### Entries supplied
——————————

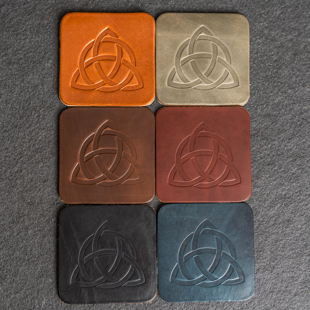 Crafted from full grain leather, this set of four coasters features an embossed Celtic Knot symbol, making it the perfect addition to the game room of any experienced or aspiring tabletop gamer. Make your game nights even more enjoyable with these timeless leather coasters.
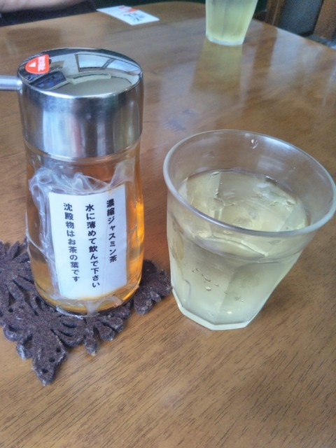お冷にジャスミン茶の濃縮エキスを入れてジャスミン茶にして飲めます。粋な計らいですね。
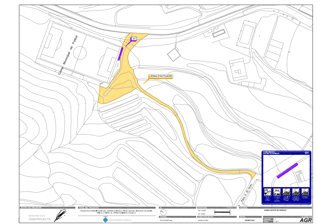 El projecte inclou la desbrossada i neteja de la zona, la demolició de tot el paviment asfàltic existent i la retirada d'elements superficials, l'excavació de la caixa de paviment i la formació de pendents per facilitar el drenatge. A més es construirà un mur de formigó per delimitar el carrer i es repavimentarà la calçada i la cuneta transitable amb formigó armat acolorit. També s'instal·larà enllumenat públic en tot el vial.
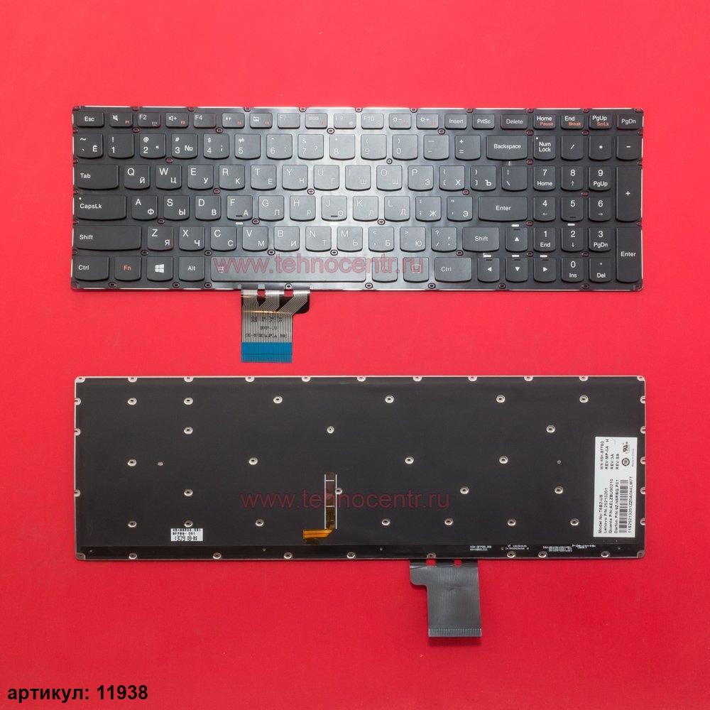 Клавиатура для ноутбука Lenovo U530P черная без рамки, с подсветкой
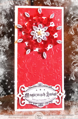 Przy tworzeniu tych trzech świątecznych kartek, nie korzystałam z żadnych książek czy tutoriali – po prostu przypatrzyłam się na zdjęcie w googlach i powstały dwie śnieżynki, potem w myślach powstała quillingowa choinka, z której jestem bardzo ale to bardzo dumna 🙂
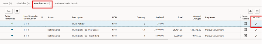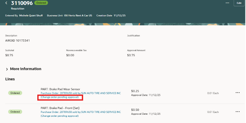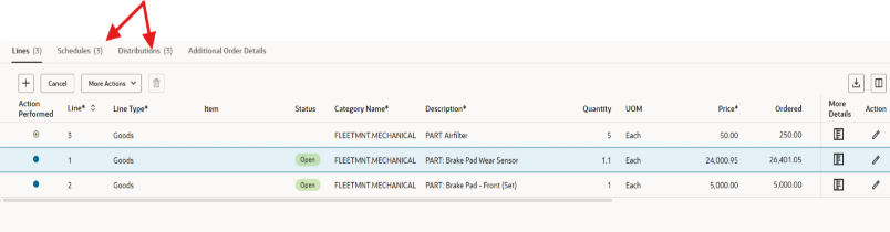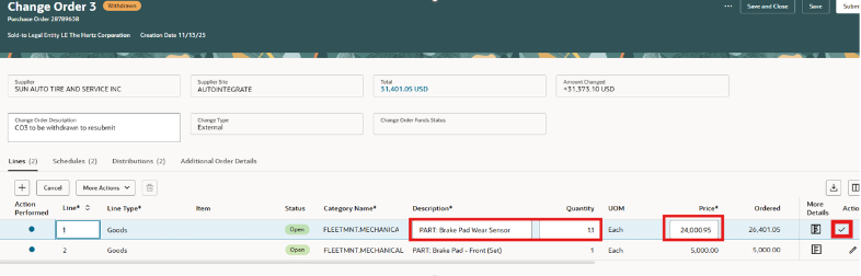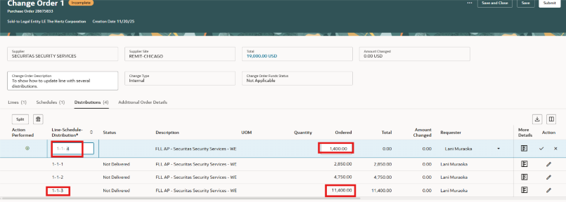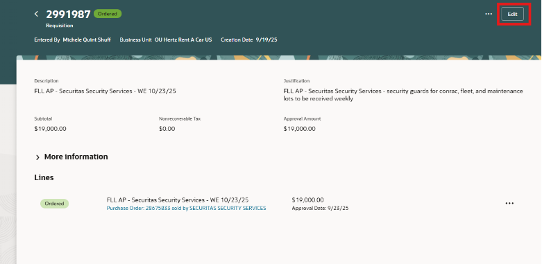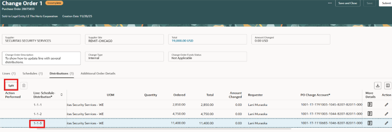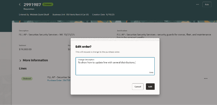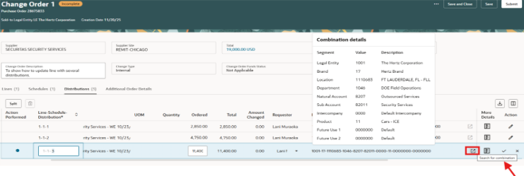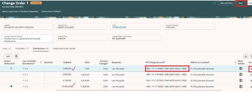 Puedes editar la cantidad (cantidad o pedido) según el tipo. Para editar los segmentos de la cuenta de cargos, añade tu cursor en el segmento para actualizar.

——————————

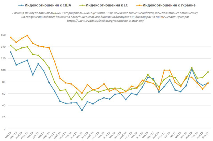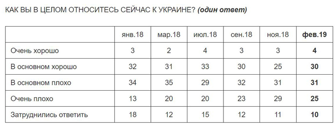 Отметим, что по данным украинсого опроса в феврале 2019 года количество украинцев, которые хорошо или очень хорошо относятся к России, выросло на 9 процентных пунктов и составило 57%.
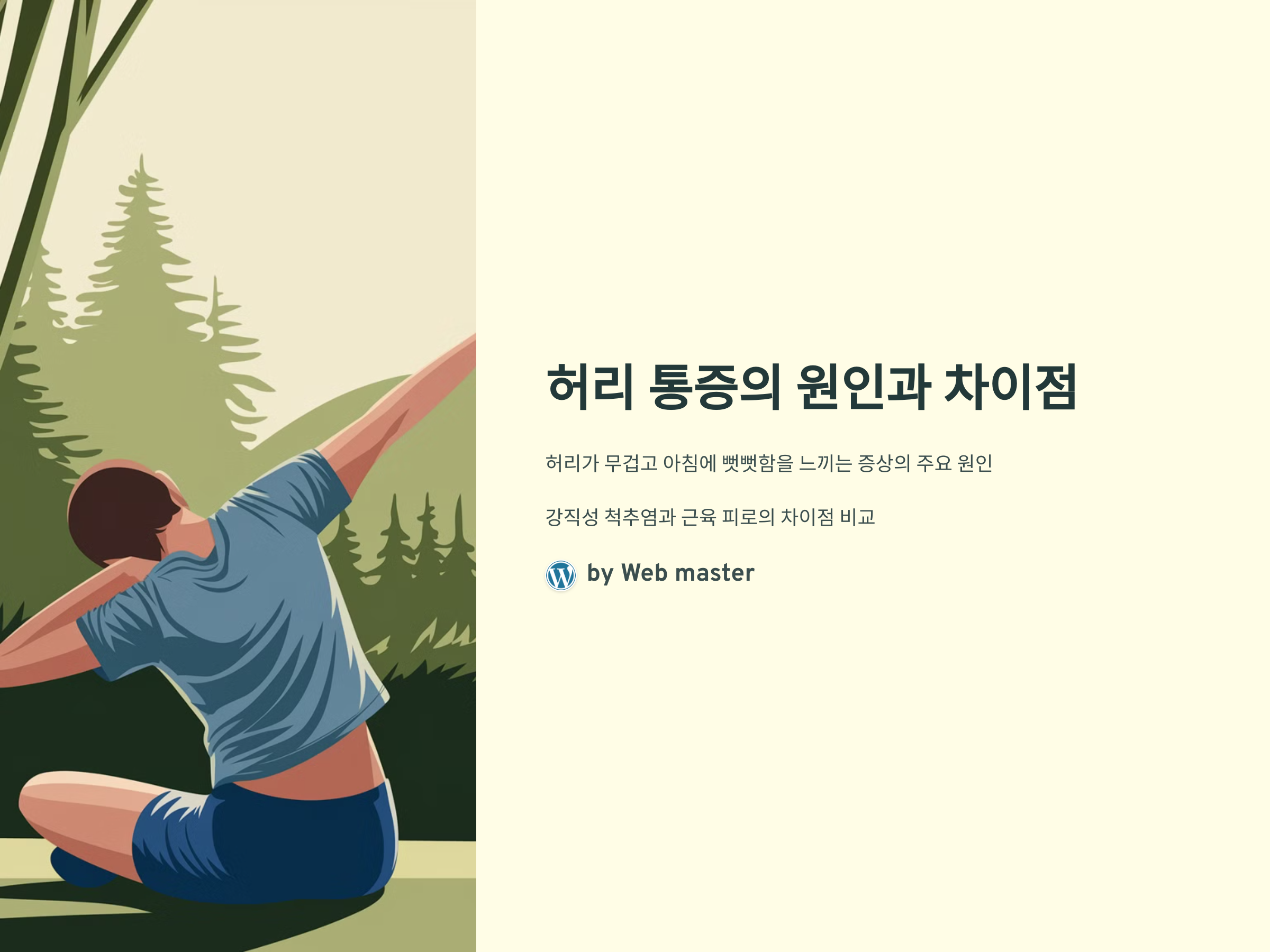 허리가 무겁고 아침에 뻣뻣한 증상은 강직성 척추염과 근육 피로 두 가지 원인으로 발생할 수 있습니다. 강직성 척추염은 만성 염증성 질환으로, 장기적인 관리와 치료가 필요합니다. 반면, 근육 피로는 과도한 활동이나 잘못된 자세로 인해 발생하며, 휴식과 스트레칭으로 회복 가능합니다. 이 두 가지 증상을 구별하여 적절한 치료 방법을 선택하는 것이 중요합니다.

——————————

### What you should do
Leaving out all pictures, set down exactly the lines of the material above, from the line with "Crafted from full" to the line with "Puedes editar la" inclusive, and no others.

### Response
 Crafted from full grain leather, this set of four coasters features an embossed Celtic Knot symbol, making it the perfect addition to the game room of any experienced or aspiring tabletop gamer. Make your game nights even more enjoyable with these timeless leather coasters.
お冷にジャスミン茶の濃縮エキスを入れてジャスミン茶にして飲めます。粋な計らいですね。
 El projecte inclou la desbrossada i neteja de la zona, la demolició de tot el paviment asfàltic existent i la retirada d'elements superficials, l'excavació de la caixa de paviment i la formació de pendents per facilitar el drenatge. A més es construirà un mur de formigó per delimitar el carrer i es repavimentarà la calçada i la cuneta transitable amb formigó armat acolorit. També s'instal·larà enllumenat públic en tot el vial.
 Клавиатура для ноутбука Lenovo U530P черная без рамки, с подсветкой
 Przy tworzeniu tych trzech świątecznych kartek, nie korzystałam z żadnych książek czy tutoriali – po prostu przypatrzyłam się na zdjęcie w googlach i powstały dwie śnieżynki, potem w myślach powstała quillingowa choinka, z której jestem bardzo ale to bardzo dumna 🙂
 Puedes editar la cantidad (cantidad o pedido) según el tipo. Para editar los segmentos de la cuenta de cargos, añade tu cursor en el segmento para actualizar.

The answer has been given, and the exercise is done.